**Dataset excerpts**:
· · · · · · ·
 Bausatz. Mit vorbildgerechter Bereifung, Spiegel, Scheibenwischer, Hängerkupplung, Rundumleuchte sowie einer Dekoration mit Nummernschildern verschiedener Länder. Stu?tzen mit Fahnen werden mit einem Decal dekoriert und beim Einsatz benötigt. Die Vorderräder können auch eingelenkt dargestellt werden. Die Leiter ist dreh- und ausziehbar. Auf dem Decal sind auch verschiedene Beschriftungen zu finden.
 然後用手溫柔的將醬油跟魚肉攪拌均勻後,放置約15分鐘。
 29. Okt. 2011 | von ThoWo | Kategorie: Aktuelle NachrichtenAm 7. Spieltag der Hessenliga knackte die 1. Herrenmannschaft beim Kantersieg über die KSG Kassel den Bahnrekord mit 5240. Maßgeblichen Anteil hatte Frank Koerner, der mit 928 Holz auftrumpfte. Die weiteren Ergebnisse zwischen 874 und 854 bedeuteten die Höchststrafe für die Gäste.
· · · · · · ·
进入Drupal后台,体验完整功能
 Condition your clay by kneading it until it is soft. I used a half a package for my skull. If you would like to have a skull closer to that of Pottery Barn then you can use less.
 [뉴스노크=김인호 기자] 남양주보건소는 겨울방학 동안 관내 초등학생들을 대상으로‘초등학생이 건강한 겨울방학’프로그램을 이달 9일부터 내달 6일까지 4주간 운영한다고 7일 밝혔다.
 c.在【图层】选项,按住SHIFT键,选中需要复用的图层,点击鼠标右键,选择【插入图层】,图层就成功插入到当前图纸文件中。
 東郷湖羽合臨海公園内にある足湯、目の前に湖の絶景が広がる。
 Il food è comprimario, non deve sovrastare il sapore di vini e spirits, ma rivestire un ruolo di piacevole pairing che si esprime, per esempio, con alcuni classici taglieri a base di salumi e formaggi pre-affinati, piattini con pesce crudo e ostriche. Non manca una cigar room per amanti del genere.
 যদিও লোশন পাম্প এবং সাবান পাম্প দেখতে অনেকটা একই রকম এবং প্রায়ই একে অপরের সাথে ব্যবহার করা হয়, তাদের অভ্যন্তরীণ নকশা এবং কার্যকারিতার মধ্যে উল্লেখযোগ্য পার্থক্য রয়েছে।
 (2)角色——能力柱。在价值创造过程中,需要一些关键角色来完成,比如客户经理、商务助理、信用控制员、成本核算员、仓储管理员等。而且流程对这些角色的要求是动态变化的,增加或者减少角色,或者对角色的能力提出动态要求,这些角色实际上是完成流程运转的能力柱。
· · · · · · ·
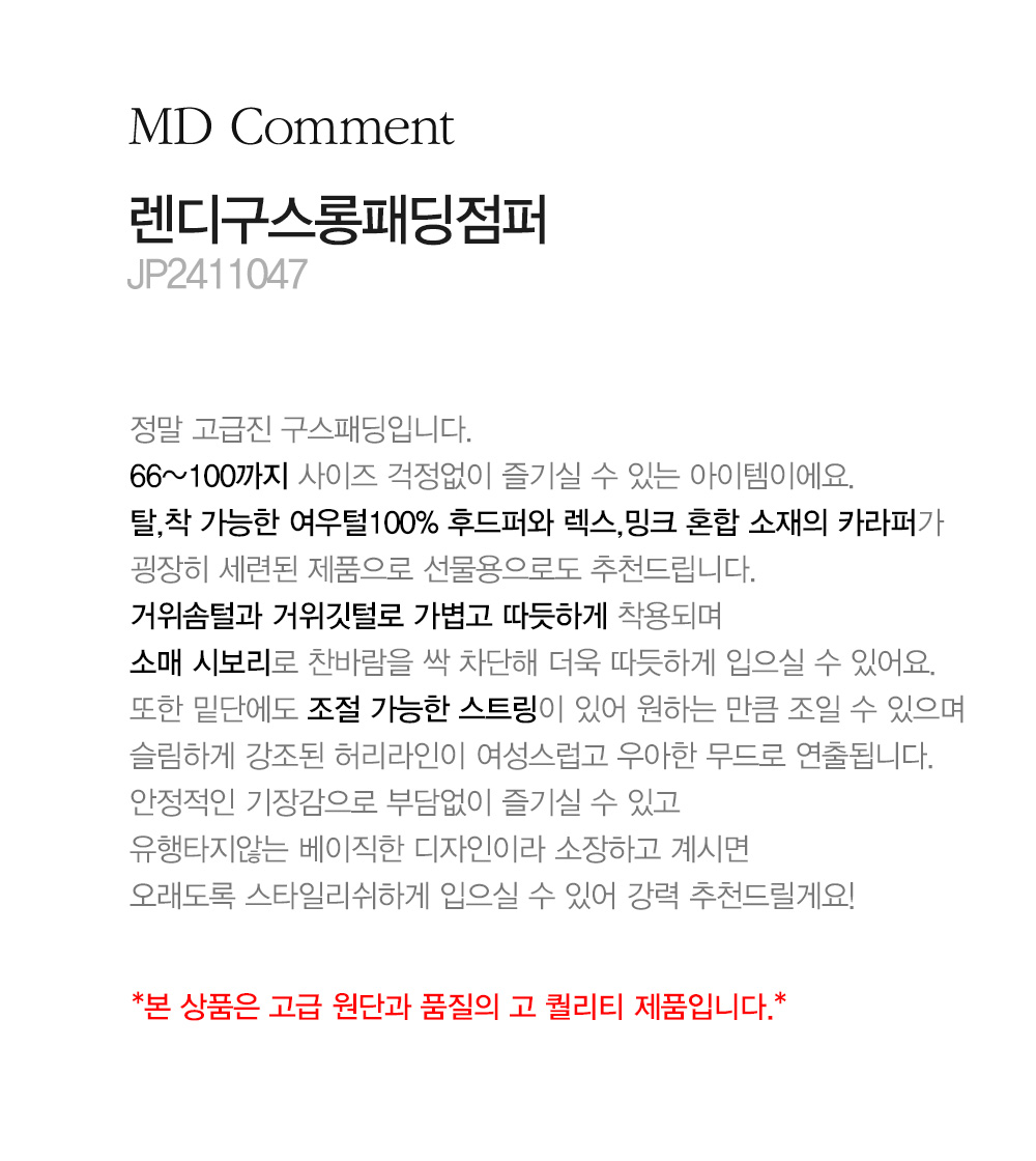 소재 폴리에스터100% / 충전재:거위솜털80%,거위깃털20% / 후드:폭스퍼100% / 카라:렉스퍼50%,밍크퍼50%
· · · · · · ·
**Exercise aim**: Copy back the listing above exactly, but only from the line with "c.在【图层】选项,按住SH" through the line with "(2)角色——能力柱。在价值", both ends included.

**Response to this task**:
 c.在【图层】选项,按住SHIFT键,选中需要复用的图层,点击鼠标右键,选择【插入图层】,图层就成功插入到当前图纸文件中。
 東郷湖羽合臨海公園内にある足湯、目の前に湖の絶景が広がる。
 Il food è comprimario, non deve sovrastare il sapore di vini e spirits, ma rivestire un ruolo di piacevole pairing che si esprime, per esempio, con alcuni classici taglieri a base di salumi e formaggi pre-affinati, piattini con pesce crudo e ostriche. Non manca una cigar room per amanti del genere.
 যদিও লোশন পাম্প এবং সাবান পাম্প দেখতে অনেকটা একই রকম এবং প্রায়ই একে অপরের সাথে ব্যবহার করা হয়, তাদের অভ্যন্তরীণ নকশা এবং কার্যকারিতার মধ্যে উল্লেখযোগ্য পার্থক্য রয়েছে।
 (2)角色——能力柱。在价值创造过程中,需要一些关键角色来完成,比如客户经理、商务助理、信用控制员、成本核算员、仓储管理员等。而且流程对这些角色的要求是动态变化的,增加或者减少角色,或者对角色的能力提出动态要求,这些角色实际上是完成流程运转的能力柱。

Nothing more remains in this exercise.